Records from a data source:
>>>

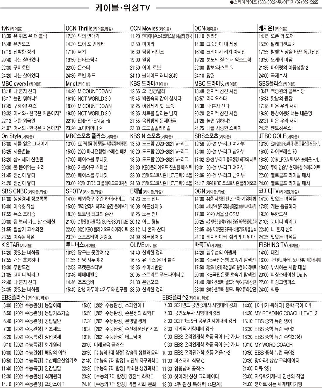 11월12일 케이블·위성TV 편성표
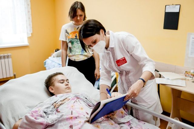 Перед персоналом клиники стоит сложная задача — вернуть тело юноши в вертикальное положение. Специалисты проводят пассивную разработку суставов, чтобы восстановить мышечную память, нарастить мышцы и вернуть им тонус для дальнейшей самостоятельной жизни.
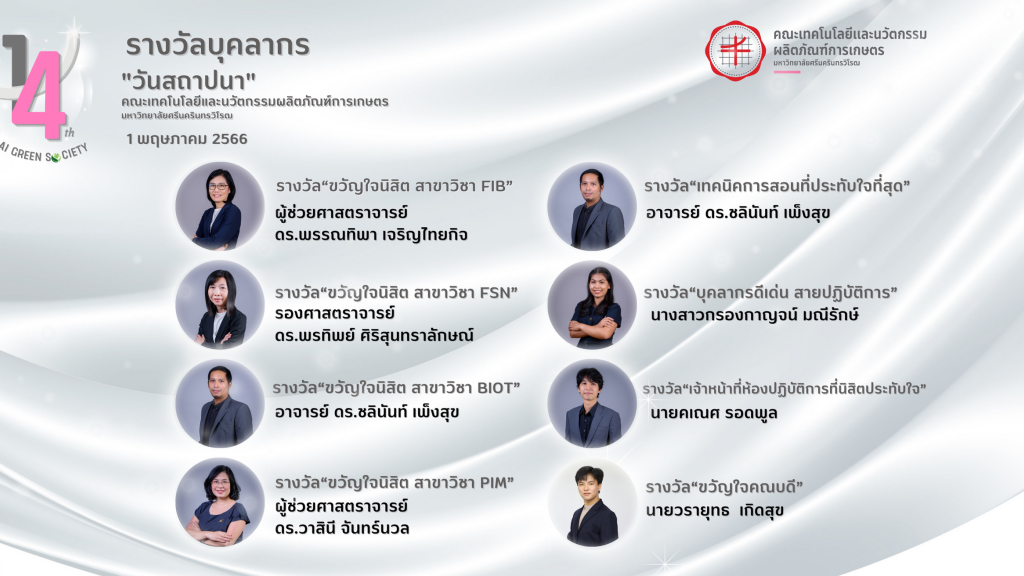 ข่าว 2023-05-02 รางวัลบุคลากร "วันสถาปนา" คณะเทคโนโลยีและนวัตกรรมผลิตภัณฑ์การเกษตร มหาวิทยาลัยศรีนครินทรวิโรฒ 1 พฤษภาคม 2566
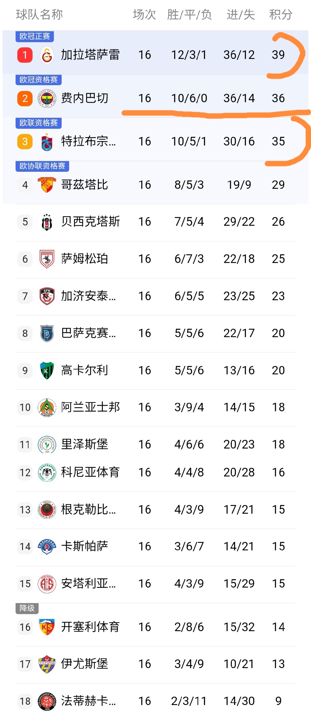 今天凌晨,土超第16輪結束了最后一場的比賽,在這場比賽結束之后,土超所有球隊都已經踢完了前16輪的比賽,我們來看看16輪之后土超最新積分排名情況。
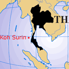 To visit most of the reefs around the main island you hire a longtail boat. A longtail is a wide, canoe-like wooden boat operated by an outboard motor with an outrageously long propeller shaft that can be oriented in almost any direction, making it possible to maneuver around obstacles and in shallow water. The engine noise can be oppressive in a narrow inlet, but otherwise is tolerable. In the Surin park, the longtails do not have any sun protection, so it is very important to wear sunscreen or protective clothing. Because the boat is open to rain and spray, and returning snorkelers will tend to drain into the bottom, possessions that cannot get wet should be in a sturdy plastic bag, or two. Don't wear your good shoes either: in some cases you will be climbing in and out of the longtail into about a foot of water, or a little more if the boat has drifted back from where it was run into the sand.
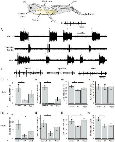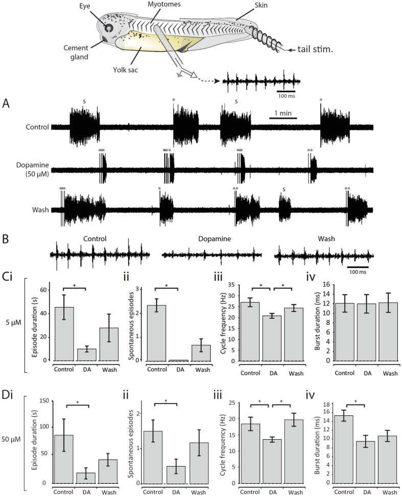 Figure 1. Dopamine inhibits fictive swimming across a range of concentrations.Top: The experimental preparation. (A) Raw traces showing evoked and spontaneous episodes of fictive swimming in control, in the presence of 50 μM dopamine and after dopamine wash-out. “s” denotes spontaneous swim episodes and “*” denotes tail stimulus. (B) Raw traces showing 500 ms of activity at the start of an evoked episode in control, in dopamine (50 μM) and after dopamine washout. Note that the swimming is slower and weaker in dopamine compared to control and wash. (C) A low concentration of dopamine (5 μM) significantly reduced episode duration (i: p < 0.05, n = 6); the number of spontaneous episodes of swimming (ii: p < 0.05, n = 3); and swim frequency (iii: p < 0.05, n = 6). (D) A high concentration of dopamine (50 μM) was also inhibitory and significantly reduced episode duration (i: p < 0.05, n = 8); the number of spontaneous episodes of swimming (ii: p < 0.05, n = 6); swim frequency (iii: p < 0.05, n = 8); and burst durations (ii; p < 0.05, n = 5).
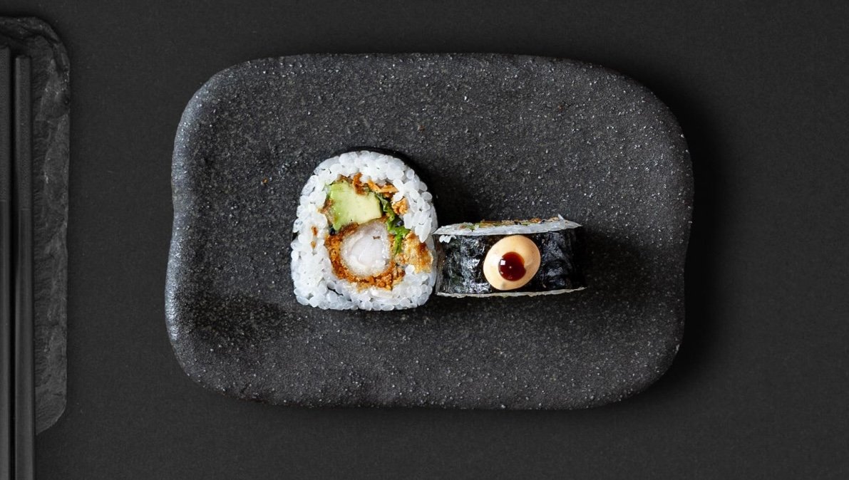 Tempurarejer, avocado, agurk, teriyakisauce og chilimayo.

<<<

THE PROBLEM >>
Hand back the exact lines from the start of the entries to the line with "ข่าว 2023-05-02 รางวัลบุคลากร", both ends kept and pictures left out.

WORKED SOLUTION >>
 11월12일 케이블·위성TV 편성표
 Перед персоналом клиники стоит сложная задача — вернуть тело юноши в вертикальное положение. Специалисты проводят пассивную разработку суставов, чтобы восстановить мышечную память, нарастить мышцы и вернуть им тонус для дальнейшей самостоятельной жизни.
 ข่าว 2023-05-02 รางวัลบุคลากร "วันสถาปนา" คณะเทคโนโลยีและนวัตกรรมผลิตภัณฑ์การเกษตร มหาวิทยาลัยศรีนครินทรวิโรฒ 1 พฤษภาคม 2566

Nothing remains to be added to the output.